There's a lot of hemming and hawing in the LAT food section about absurdly loud restaurants, but the tone of the piece is captured in an early sentence: "How loud a restaurant is -- or isn't -- has to do with the quality of noise as well as the quantity." The quality of noise? What about the quality of silence? Here’s the thing: Restaurant owners tend to drag their heels when it comes to improving acoustics because they're afraid that a quiet dining room will be viewed as an unpopular dining room. Loud is young and sexy; quiet is for Early Birds. Besides, a lot of the owners just like it loud, whether customers like it or not.

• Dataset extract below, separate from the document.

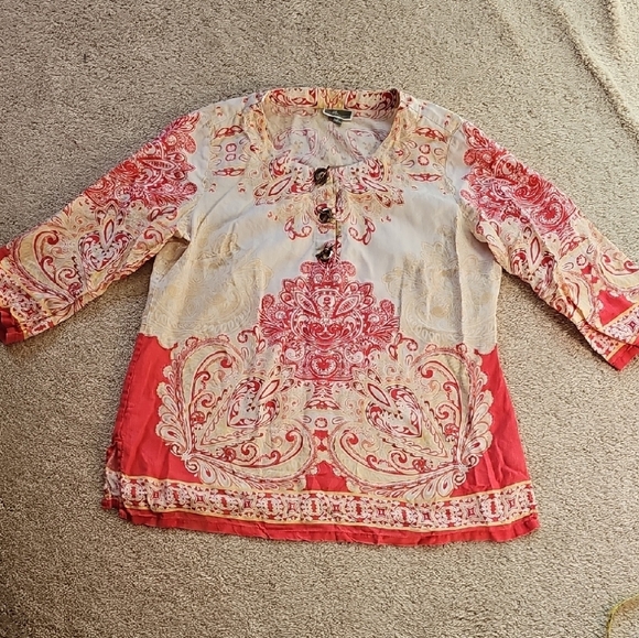 JM Collection Red and Cream Patterned Top

At Pizzeria and Osteria Mozza, what designer Lisa Eaton inherited was a space that needed a lot of physical work -- and a boss with a penchant for loud rock music. "Mario hands us an iPod when we're ready to open," says Eaton, who has designed most of Mario Batali and Joe Bastianich's restaurants, including Del Posto and Babbo in New York. "We never incorporate that aspect [sound] into the design. You can never tell what a room's going to do." What the Pizzeria noise did was reverberate around the high ceilings, so much so that diners complained. Eaton says they installed acoustic panels on the upper part of the walls, "then we painted them a very dark brown [like the ceiling] and it disappeared; it became this ambient umbrella that you don't really notice."
*The "sound design" of restaurants was discussed a couple of weeks back on KCRW's "DnA" program with Frances Anderton.
Jonathan Gold of LA Weekly and David Rosoff of Osteria Mozza were among the guests.